■ **Exercise details**: Output the first line below and each one after it, exactly, up to and including the line holding "3.开始跨链,进去以后直接点击红框,进入下一步". Pictures should not be copied.

■ **Supplied information**:
▼▼▼
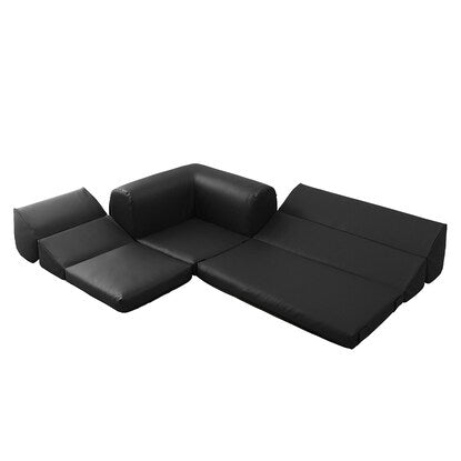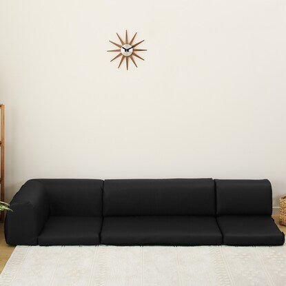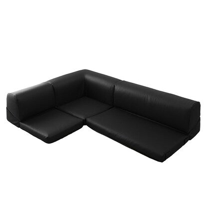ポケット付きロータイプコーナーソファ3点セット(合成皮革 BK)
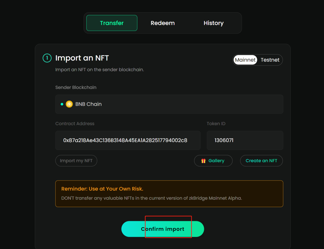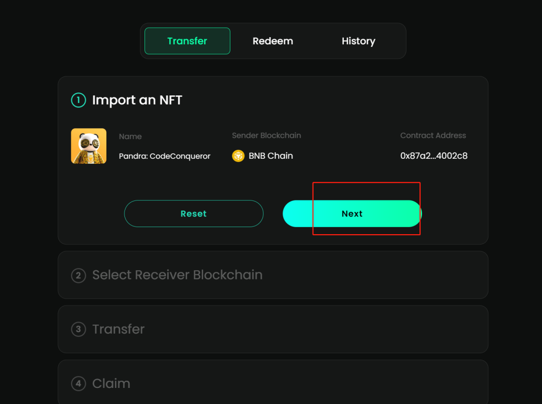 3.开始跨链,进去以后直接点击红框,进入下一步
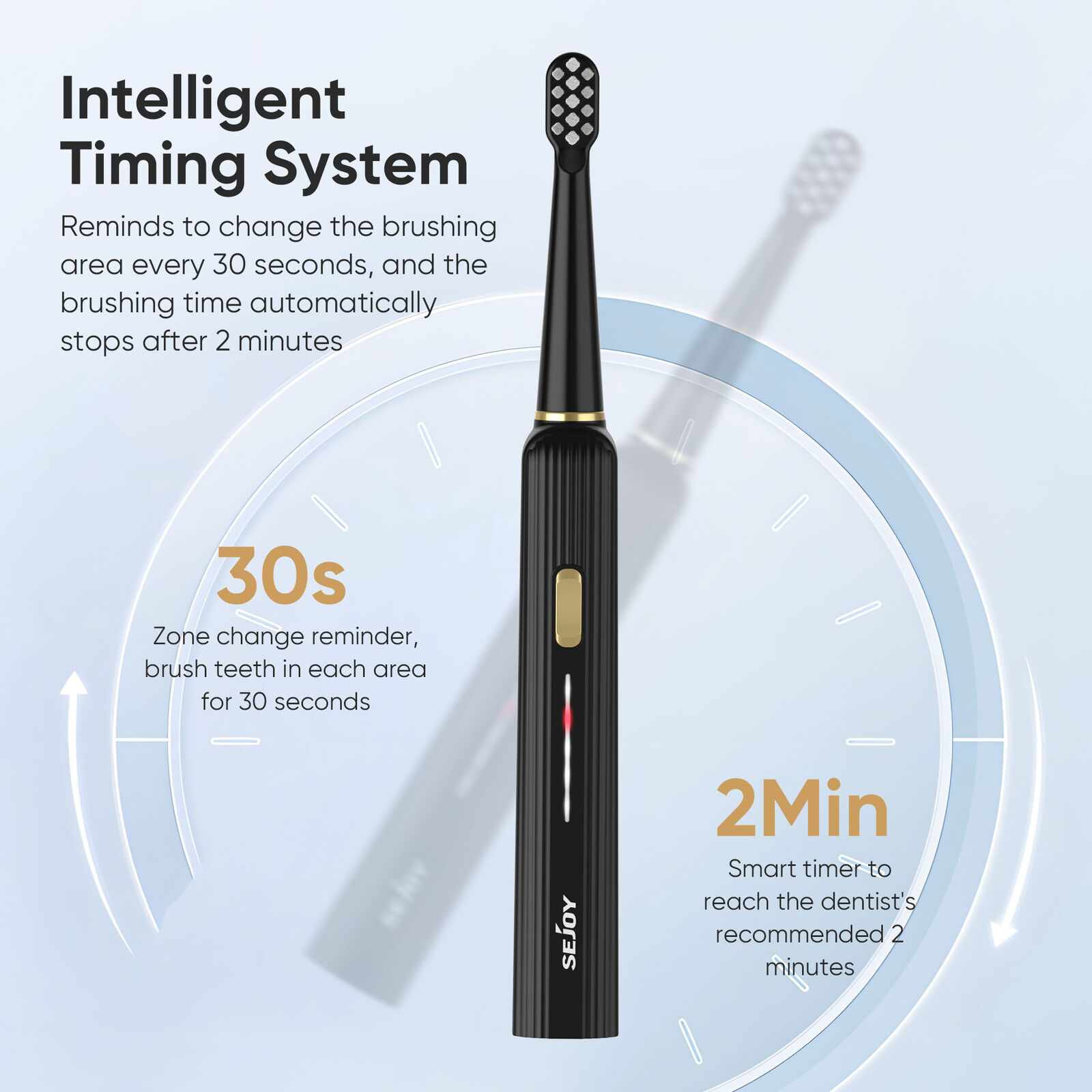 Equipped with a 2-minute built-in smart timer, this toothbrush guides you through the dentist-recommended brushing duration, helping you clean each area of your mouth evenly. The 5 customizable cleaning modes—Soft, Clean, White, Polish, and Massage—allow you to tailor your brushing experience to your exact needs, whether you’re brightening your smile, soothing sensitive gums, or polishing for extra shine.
▲▲▲
■ **Solution for this problem**:
ポケット付きロータイプコーナーソファ3点セット(合成皮革 BK)
 3.开始跨链,进去以后直接点击红框,进入下一步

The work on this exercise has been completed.